Its ones digit is either zero or five. Examples of multiples of five: 5, 15, 105, 7050
3. Write down the multiples of 11 from 1 x 11 to 9 x 11.
11, 22, 33, 44, 55, 66, 77, 88, 99
4. The ones-digits for multiples of nine follow a pattern. What is the pattern?
The first ten multiples of 9 are 9, 18, 27, 36, 45, 54, 63, 72, 81, 90.
The pattern of the ones-digits is 9, 8, 7, 6, 5, 4, 3, 2, 1, 0. This pattern is repeated for the next ten multiples, over and over.
5. A power of nine is a multiple of nine by itself. The first power of nine is 9. The second power of 9 is 9×9. The third power of nine is 9x9x9. The ones-digits of powers of nine form a pattern. What is the pattern?

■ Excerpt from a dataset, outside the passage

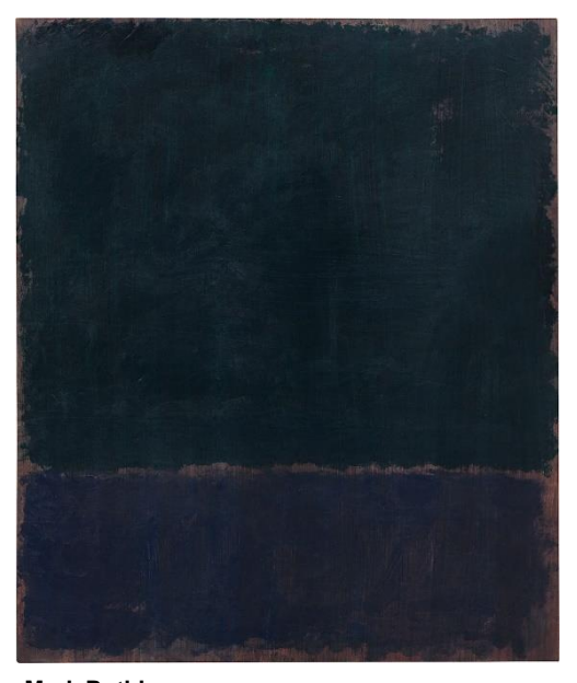
Mark Rothko Untitled (Black Blue Painting), 1968 Estimate: £2,500,000-3,500,000

LONDON – 18 MARCH 2021 – On 15 and 16 April, Phillips' London Spring auctions of 20th Century & Contemporary Art will include works by Modern, Post-War, Contemporary, and American masters. The Evening Sale will be held on 15 April at 5pm, with the Day Sale following on 16 April at 2:30pm. The catalogues for the Evening and Day sales will go live on 1 April with virtual viewing following from 7 to 11 April. The public viewing will be open at Phillips Berkeley Square from 12 to 15 April.

The first power of 9 is 9. The second power is 81. The third power is 729. Multiplying 729 by 9 would have a ones-digit of 1. The next power of 9 would then have a ones-digit of 9.
The pattern is 9, 1, 9, 1, 9, 1 and so on. Alternating 9s and 1s.
Bonus question: of the numbers from 1 through 8, what are the patterns of ones-digits of their powers?
Week 2: Multiplication – Day 3
1. What are the factors of 9?
The factors of 9 are 1, 9, and 3.
2. Is 3 a factor of 21?
Yes, 3 is a factor of 21 because 3 x 7 = 21.
3. Is 6 a factor of 33?
No. 33 is in between two multiples of 6. 33 divided by 6 is 5 with remainder 3. 6 x 5 = 30 and 6 x 6 = 36, and 33 is between.
4. What are all of the factors of 42?
The factors of 42 are 1, 2, 3, 6, 7, 14, 21, and 42.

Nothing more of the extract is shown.